Se tu così perché non io?
Che fare, dunque? Come dice Paolo a Timoteo: “ricòrdati di Gesù Cristo, risorto dai morti, discendente di Davide, come io annuncio nel mio Vangelo, per il quale soffro fino a portare le catene come un malfattore”. Ricordati di Lui, fa’ come Lui! Molto semplicemente, senza alcuna pretesa di ritorno immediato, senza calcoli. Così come ha fatto Paolo, che per amore di Gesù ha sofferto “fino a portare le catene come un malfattore”. E come hanno fatto i veri discepoli del Signore, sino ai nostri giorni. Ti prego: “ricordati di Gesù Cristo”, che è passato per le strade del mondo solo “facendo del bene” (At.10,38); offrendo continuamente “preghiere e suppliche, con forti grida e lacrime, a Dio che poteva salvarlo da morte e, per il suo pieno abbandono a lui, venne esaudito” (Eb 5,7).
Non avertene a male se t’accorgi che Gesù ti ha come marcato, scovandoti tra la folla.
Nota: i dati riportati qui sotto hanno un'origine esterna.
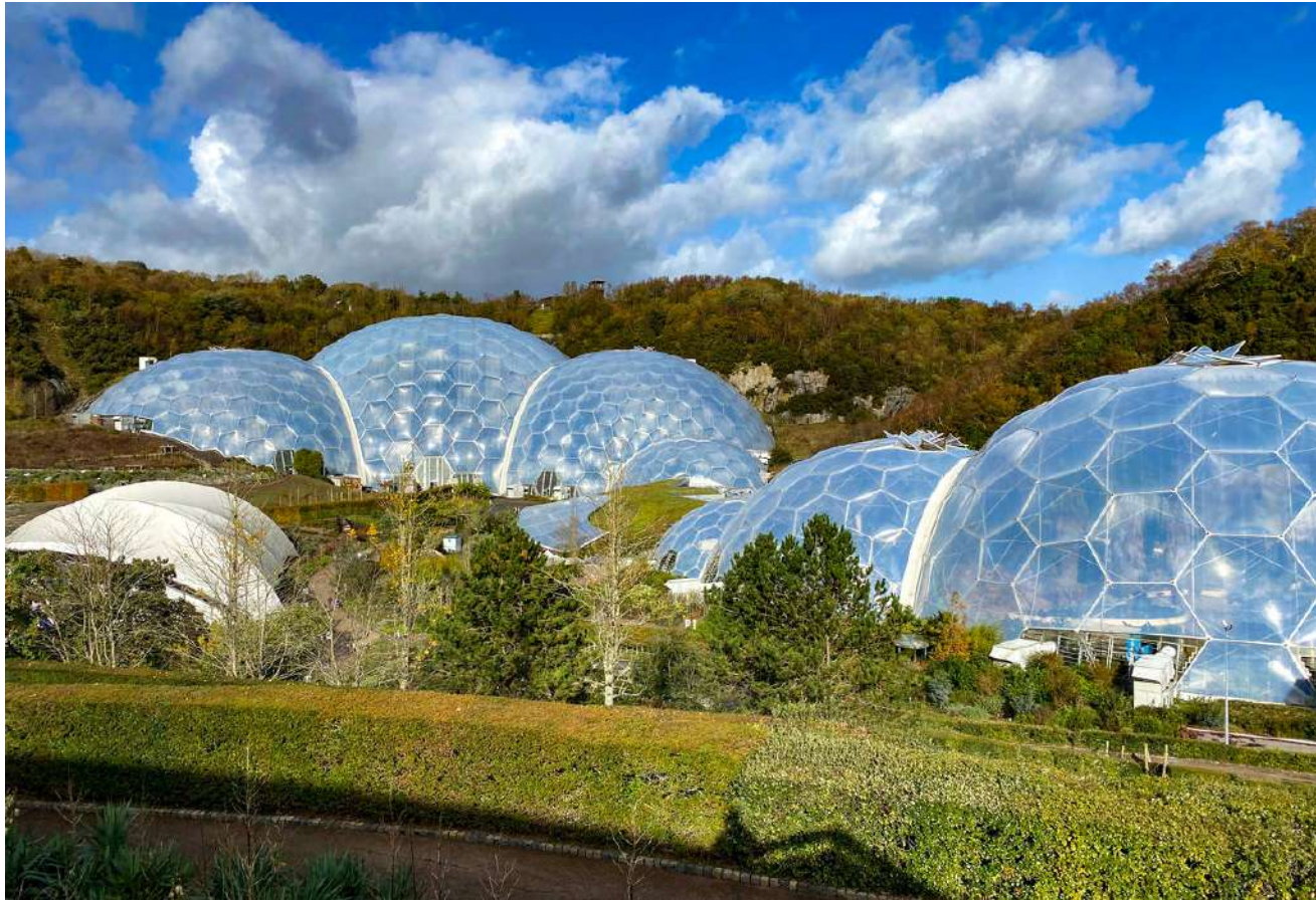
The Eden Project, Cornwall 35 miles from Plymouth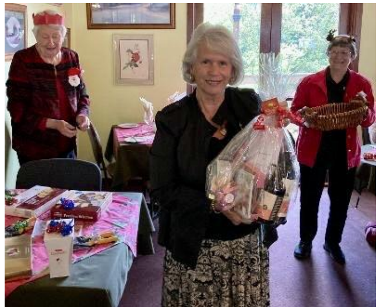
A Probus member was delighted with her lucky door prize at our Christmas lunch. Hamper kindly donated by Emerald Village Pharmacy.

Are you a lady who's recently retired and looking for some social activity? Why not join Emerald Ladies Probus Club? Emerald Ladies Probus Club opens the door to new experiences and friendships to all retired or semi-retired ladies. You can hear wonderful guest speakers at our monthly meetings, and you'll have the opportunity to participate in a wide range of activities and outings held throughout the year. During the next couple of months we're visiting Mont De Lancey Homestead in Wandin, seeing performances at Bunjil Theatre in Narre Warren, and we're off to the movies. We'd love you to join us.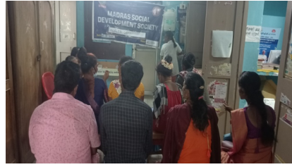
Health camp at Arcot GH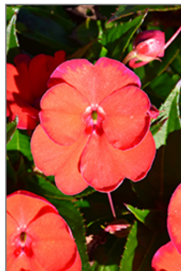
SunStanding Orange Aurora Impatiens flowers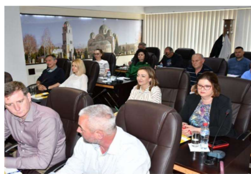
Figure 18 – Transfer of knowledge, experiences and good practices with representatives from the city of Belishce - Croatia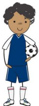
Je joue au foot.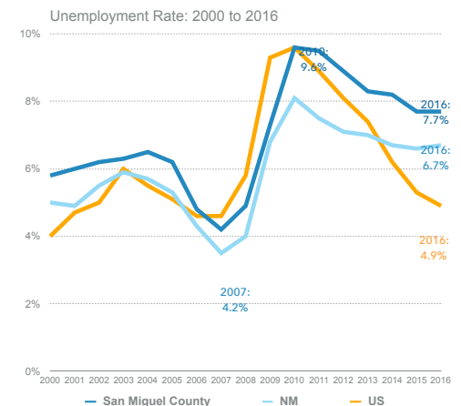
Below: Unemployment rates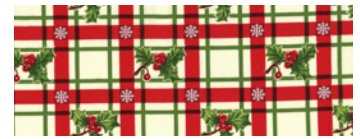
CX8389 Winter Holly Day Plaid 3/8 yard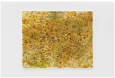
Leaf Mulch (1), 2023 oil on canvas 137.5 x 170 cm 54 1/8 x 66 7/8 in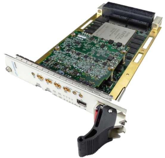
Figure 1: VPX599

Please contact VadaTech for details of Conduction Cooled versions.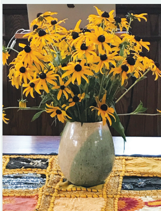
August 7th Bouquet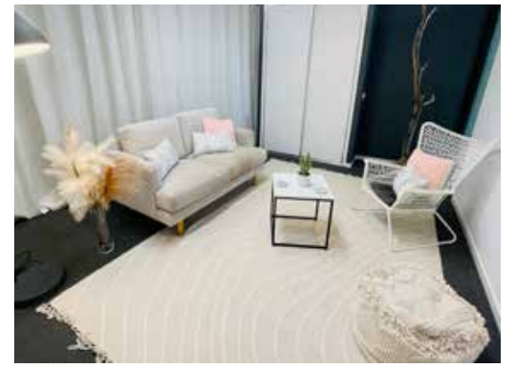
Find solace in the gentle sandy whispers and align with your rhythmic flow.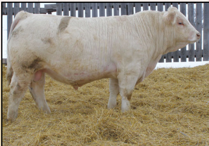
Lot 50 - LAE FAN CLUB 8104F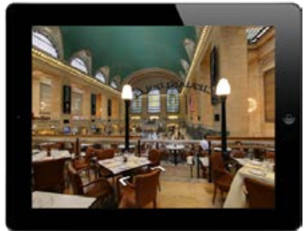
Tour business interiors with Google Business Photos on desktop, mobile, and tablet devices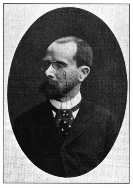
Figure 1. Eugène Demarçay (1852–1903), discoverer of europium.

Figure 2. At the time of Demarçay, the Boulevard Berthier was just inside the city limits of Paris, marked by a railroad encircling the perimeter of the city. It was at 2, Boulevard Berthier (N 48° 53.67, E 02° 18.78) that Demarcay built his independent laboratory where he conducted a number of researches including the discovery of europium and his spectral analysis of radium (in collaboration with the Curies).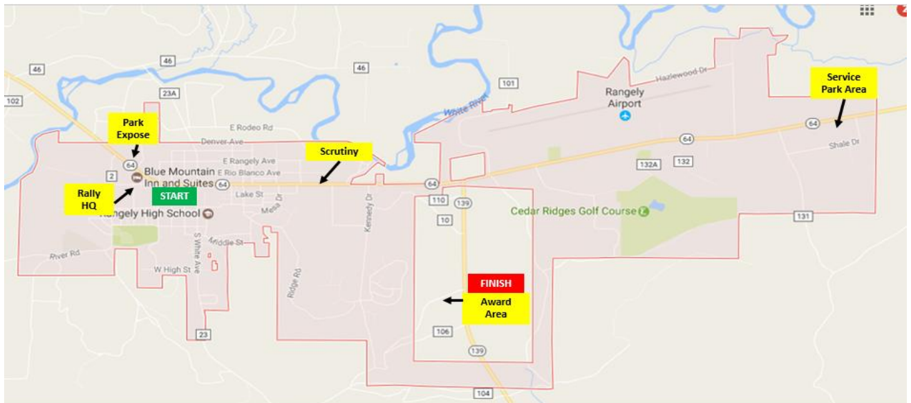
Regional Map – Rangely, Rio Blanco County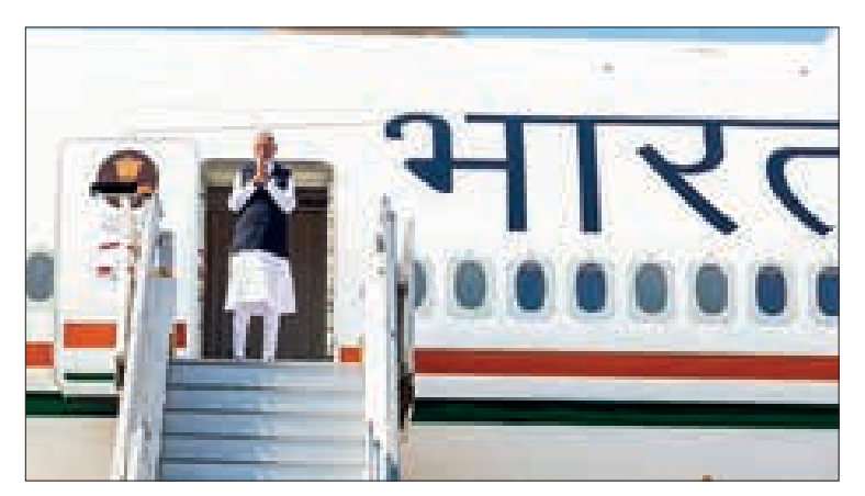
The visit underscores a mutual commitment to democracy and pluralism, setting the stage for enhanced bilateral cooperation in the coming years.

Prime Minister Narendra Modi has embarked on a visit to Poland and Ukraine, marking a significant milestone as both nations celebrate 70 years of diplomatic relations with India.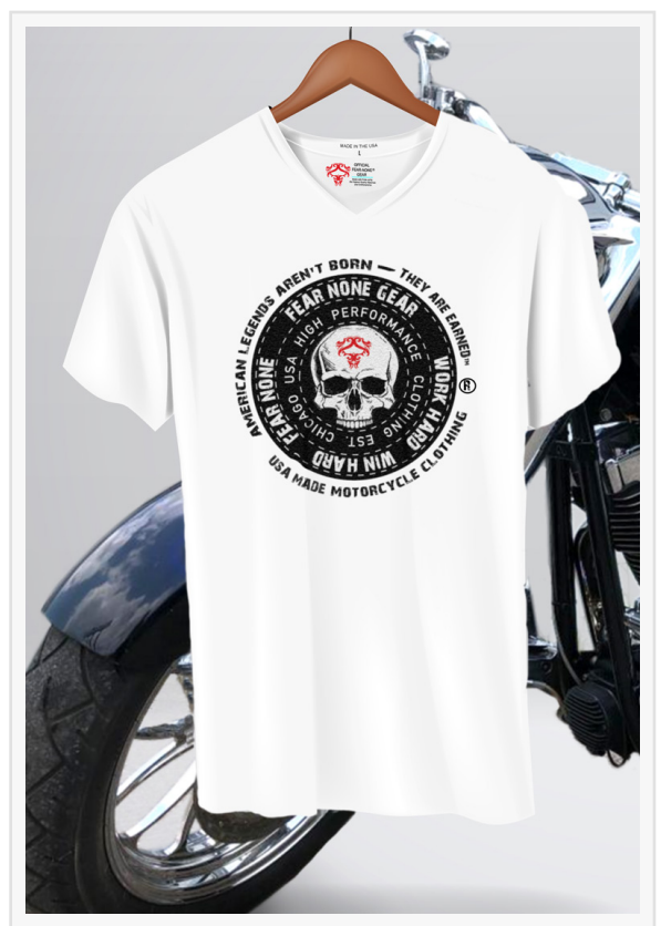
FEAR-NONE motorcycle clothing's newest 2024 collection

Wild Bill FEAR-NONE Motorcycle Gear info@fear-none.com Phone: 1-866-212-3267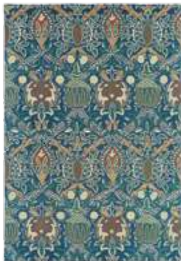
Granada 27608 Indigo / Red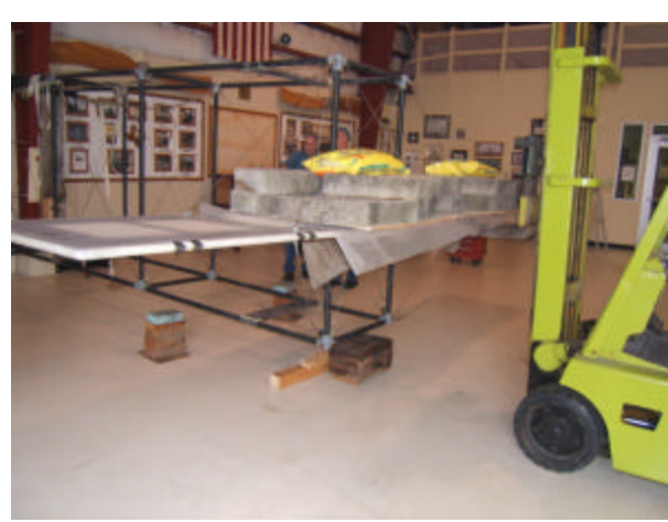
Horizontal stabilizer with 1.100 lbs. Safety fork lift

The test was accomplished using 1,100 lbs of cement blocks and salt. Picture 1 shows the tail with the full weight on it. The fork lift was used to gently and safely remove support until the full weight was taken by the structure. Picture 2 shows the crew inspecting the complete tail while it is fully loaded.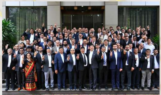
Joyful moments from birthday celebration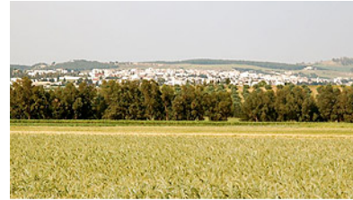
Plot of land

Tunisian traditions of land use evolved from Berber and Bedouin practices, and later from Ottoman-interpreted Islam. Land could be collectively owned by a tribe ( arsh ); endowed to support a family, religious, or charitable group ( habous or waqf ); dually controlled, e.g. by a farmer and his political patron ( hanshir ); or individually held ( melk or mulk ). 417, 418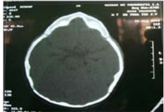
Figure 4: Deformity characterized by pointed frontal region was evidenced.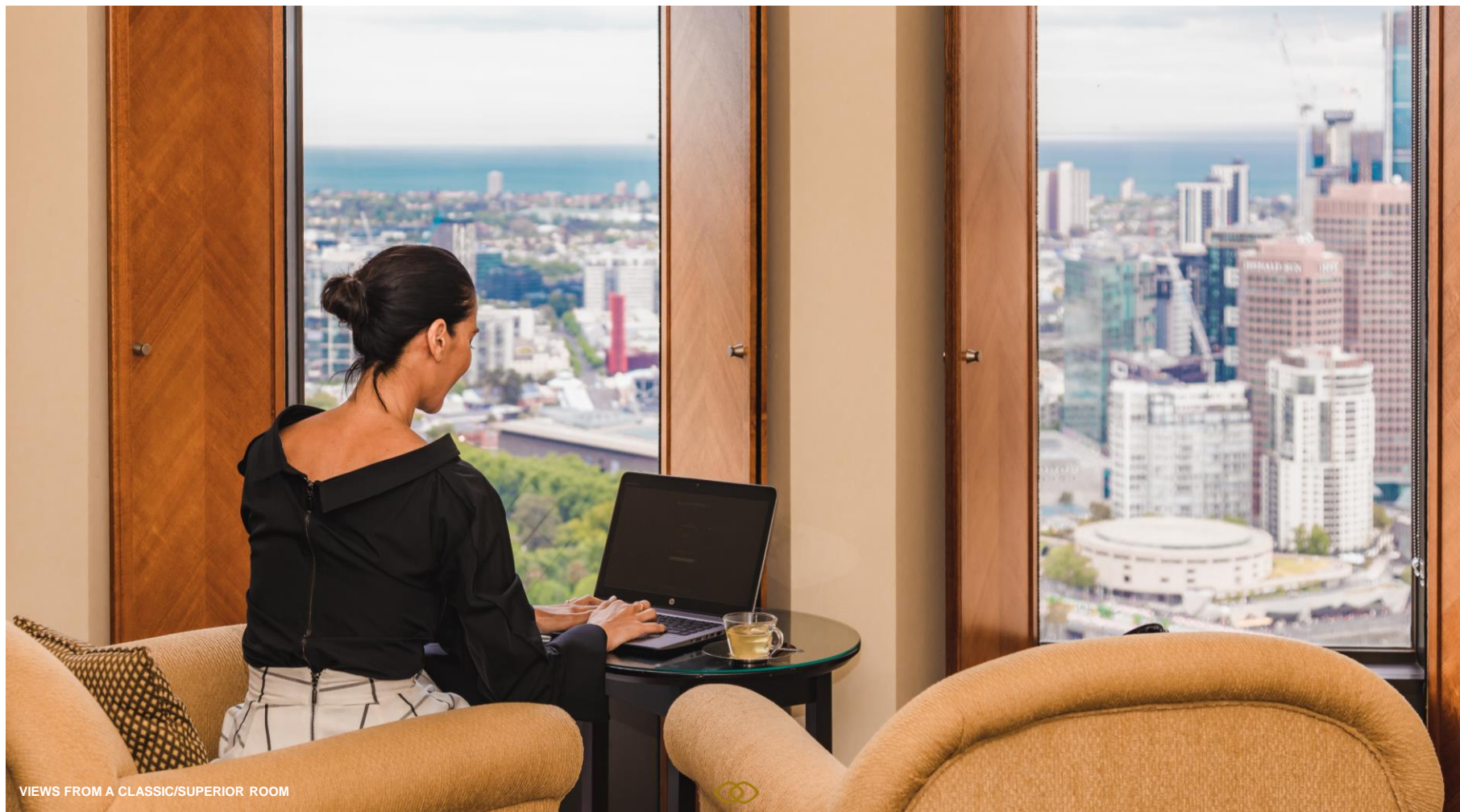
VIEWS FROM A CLASSIC/SUPERIOR ROOM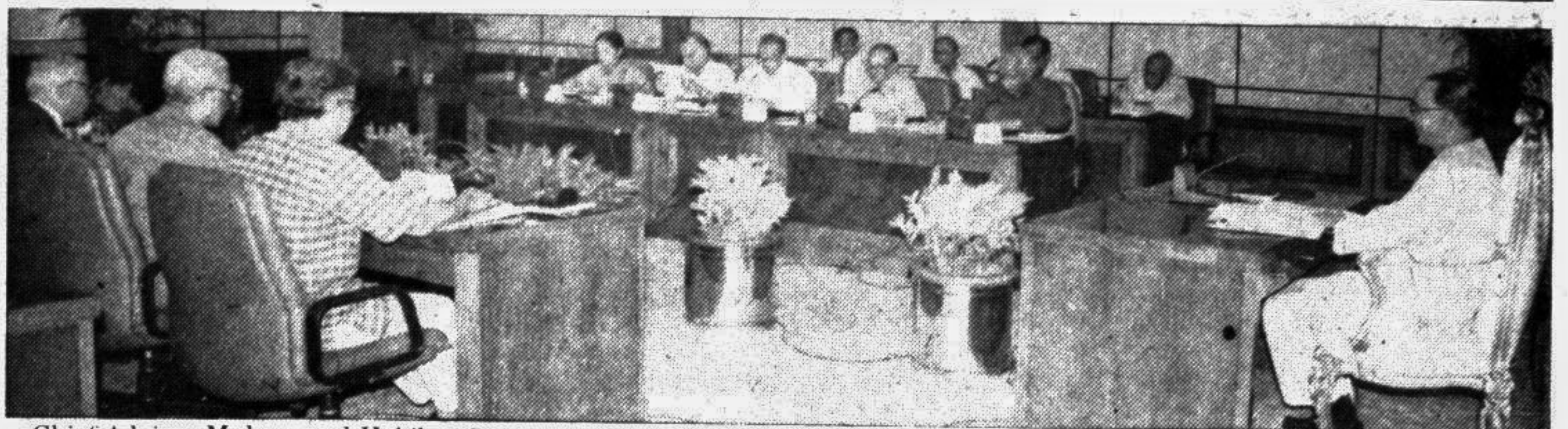
Chief Adviser Muhammad Habibur Rahman presiding over the meeting of the council of advisers at his office yesterday.

Classes of the MSS (final year) students (new batch) for the academic session 1992-93 will begin from May 18 next, the press release added.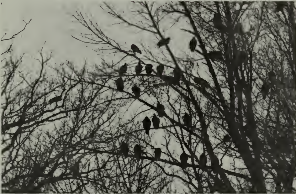
A collegial group of vultures roost together in the Gettysburg oaks.

will have explicit data and expertise available to counter any unfounded criticisms of Park management policies. Results also will contribute to development of urban forestry practices by identifying important wooded tracts used as roost sites. Features characterizing these sites can be delineated and incorporated into management recommendations of wooded habitats for vulture roost sites at other eastern Parks.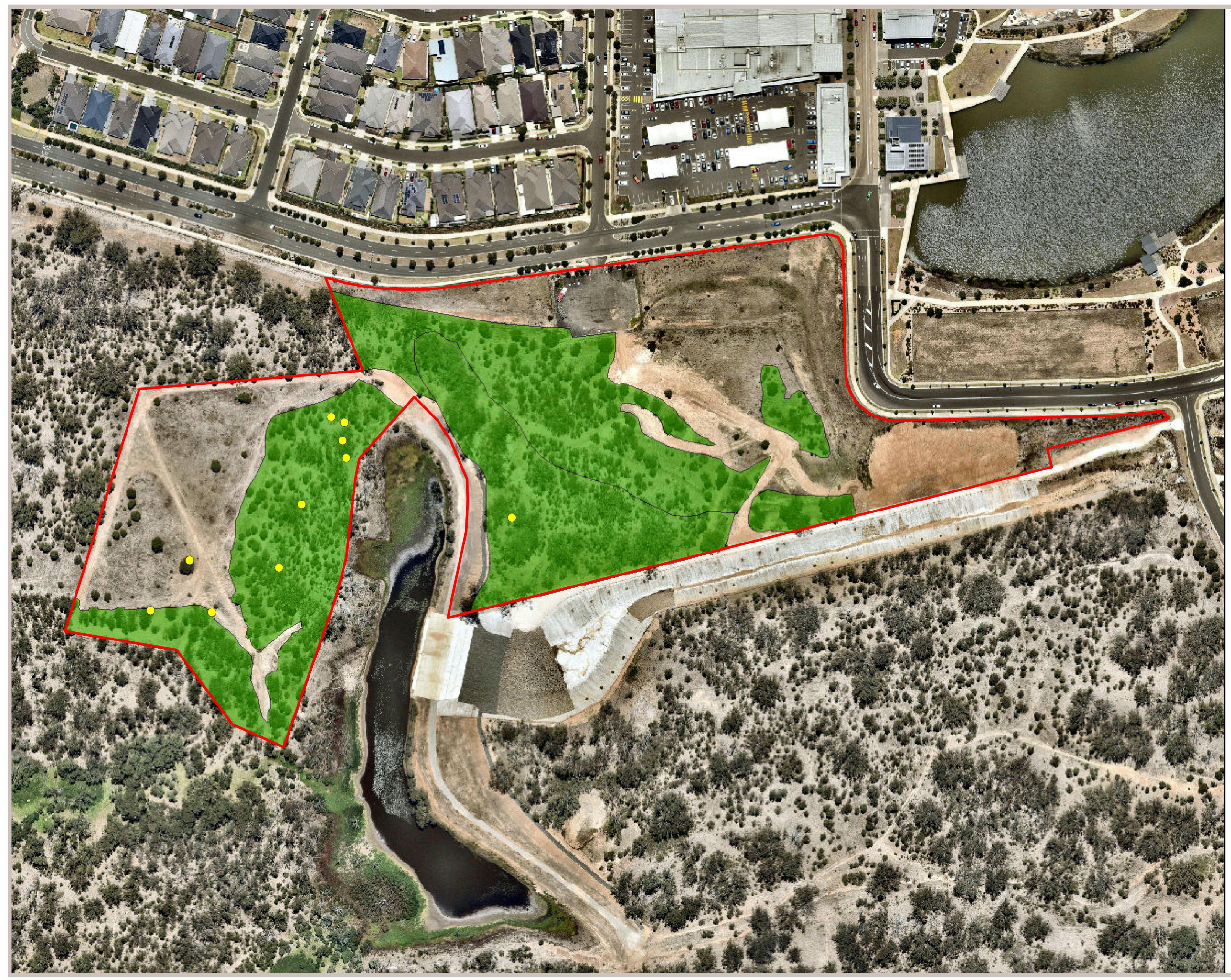
Figure 2.1. Potential habitat for the Cumberland Plain Land Snail in the subject site and locations of recorded shells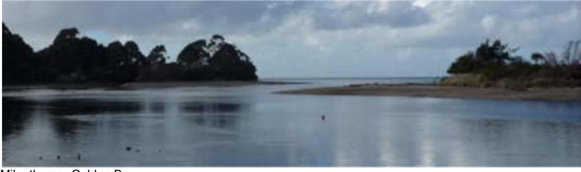
Milnethorpe, Golden Bay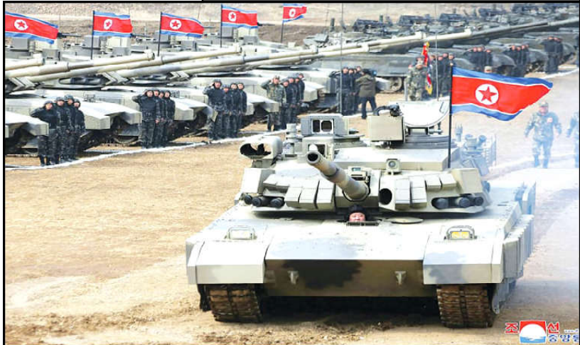
PYONGYANG: North Korean leader Kim Jong Un in the driver's seat of a new main battle tank after a training exercise for tank crews at an undisclosed location.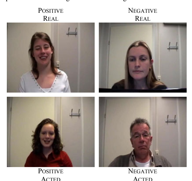
Figure 1: Representative stills of acted (top) and real emotional (bottom) expressions, with on the left hand side the positive and on the right hand side the negative versions.

for the induction of real emotions (POSITIVE, NEUTRAL, NEGATIVE), two acting conditions were added. In one of these, participants were shown negative sentences and were asked to utter these as if they were in a positive emotion (ACT POSITIVE); in the other, positive sentences were shown and participants were instructed to utter these in a negative way (ACT NEGATIVE). The sentences showed a progression, from neutral ("Today is neither better nor worse than any other day") to increasingly more emotional sentences ("God I feel great!" and "I want to go to sleep and never wake up." for the positive and negative sets, respectively), to allow for a gradual build-up of the intended emotional state.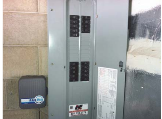
MAIN ELECTRIC PANEL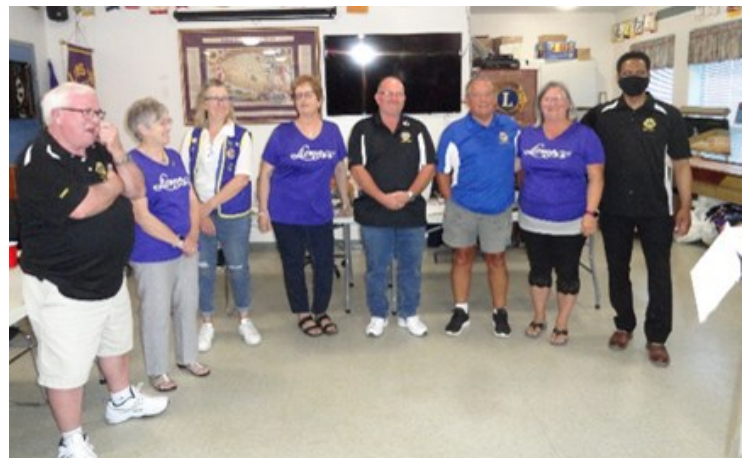
After the installation of officers and directors they enjoyed sandwiches and beverages.

Forse ti vorresti sottrarre, gridando a Lui l’inutilità di tanti tuoi sforzi. Ovunque tu vada, in qualsiasi angolo del mondo ti dovessi trovare, accetta di consumare la tua esistenza per amore Suo. Non temere di lasciarti scavare l’anima dalle lacrime della gente e, se mai qualcuno fosse stanco, che possa almeno trovare in te una spalla dove posare il capo. Continua a stare in mezzo alla gente come presenza gioiosa, audace e intelligente. Forse qualcuno si accorgerà e ti ringrazierà dal profondo del cuore; altri fingeranno di non capire che stai semplicemente amando; qualcuno fraintenderà o volutamente ti ignorerà. Ma a te che importa? Ricordati di Gesù Cristo: continua a da amare, servendo!